そのトップバッターがこの “CODA”だったのです。
それまで幾多の噂はあったものの、1982年にLP盤が発表された時は誰もが驚きました。
アウトテイク集にもかかわらず、この生々しさ・曲のハイレベルぶりは何なんだろうって!
全ての曲で凄みのあるドラミングを聴かせてくれる天国のジョン・ボーナムも
きっと喜んでいたでしょう。
世界最高のアウトテイク集
(2008-03-06)
ボンゾ死後の作品であり、スタジオの新録ではない。『イン・スルー・ジ・アウト・ドア』録音後、ペイジとボンゾは「次はハードに」で意を決していたらしいので残念でならない。このアルバムはラストだが本人達の意思が反映されているものではない。
かといって、アトランティックとの契約は無視できなかったペイジは、本当は趣味でもあるのだがアウトテイク集をスタジオのテープからかき集めることにした。ただこの段階で私生活の乱れていたペイジは、本当にザッと短時間見渡した中から適当にピックアップしただけである。なぜなら、今なら「ウィ・ゴナ・グルーヴ」の元素材を全部聴けば『DVD』のような演奏が出て来る訳で、この時はペイジ自身の焦燥もあったかもしれないが、たいして仕事する気もなかったのだろう。
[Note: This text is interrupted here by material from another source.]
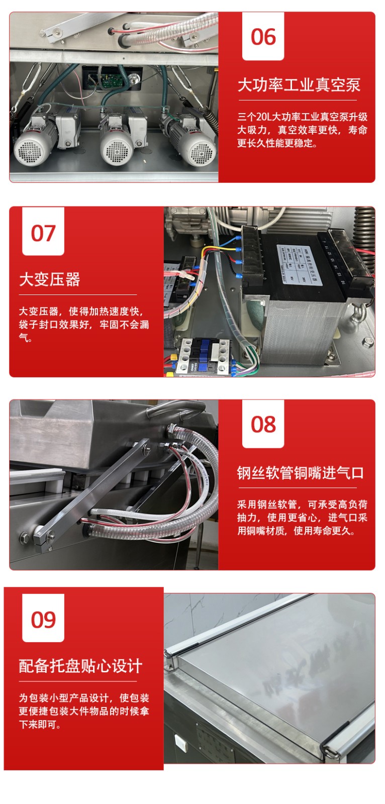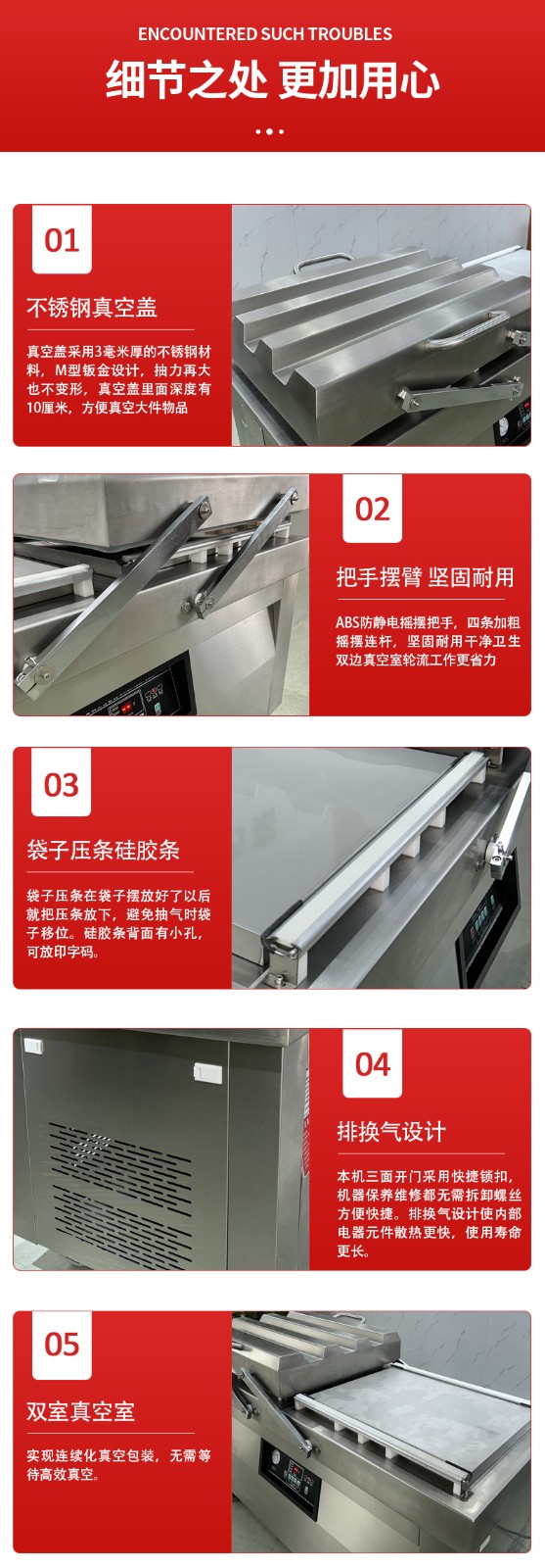 每个真空室都配有独立的热封条、冷却条和压力装置,无需共享热封组件 —— 这意味着左室热封时,右室的热封组件处于 “待命” 状态,右室启动后可直接加热,无需等待热封组件降温或预热,进一步缩短切换时间。

しかし、30数分のこのアルバムはそうであっても強力な作品なのだから世の中分からない。ロイヤル・アルバート・ホールのテイクは編集して短くしてあるが素晴らしい音質だし、「プア・トム」なんかもとても現代的ですらある。私の中では「オゾン・ベイビー」で、ガッチリ石垣を積み上げたような重厚なビートが堪らない。実験作だった前作ではどうにも曲種的に収まりがつかなかったのだろうが、次の作品があったとしたらこの形の発展形ではなかったろうか。
ところで皆が評価する「ウェアリング・アンド・ティアリング」は、残念ながら少々雑なものだと思う。ボンゾもこのギターに合わせるのは大変だったのじゃないかな。勢いはあるけど、ペイジがそろそろ曇ってきたことが如実に分かるので哀しい。
全アルバム中、リマスターの成果が一番出ている作品
(2007-09-09)
荒削りな音がリマスターによって、他のアルバムよりダイレクトに脳に伝わってきます。
リマスターというのは、荒削りな音の方が効果がはっきり出るように感じます。「Walter's Walk」なんかは特に気持ちがいいです。
亡くなったジョン・ボーナムの追悼ということもあり、かなりボーナムの色が強く感じられます。
ジミーペイジがインタビューで、初期のボーナムは、ライブ前はいつも緊張していて、メンバーが声をかけても返事もせず、ずっと震えていたなんてことを言ってましたが、「Poor Tom 」や「Bonzo's Montreaux 」を聴く限り、そんなことは全く信じられません。
ボツ曲の寄せ集めと解釈されがちですが、ただ単に、アルバムのカラーに合わなかっただけの話で、制作期間がデビュー時から解散時と判断すれば、これ1枚でレッドツェッペリンがどんなバンドなのか、ベストアルバムを聴くより理解できるかもしれません。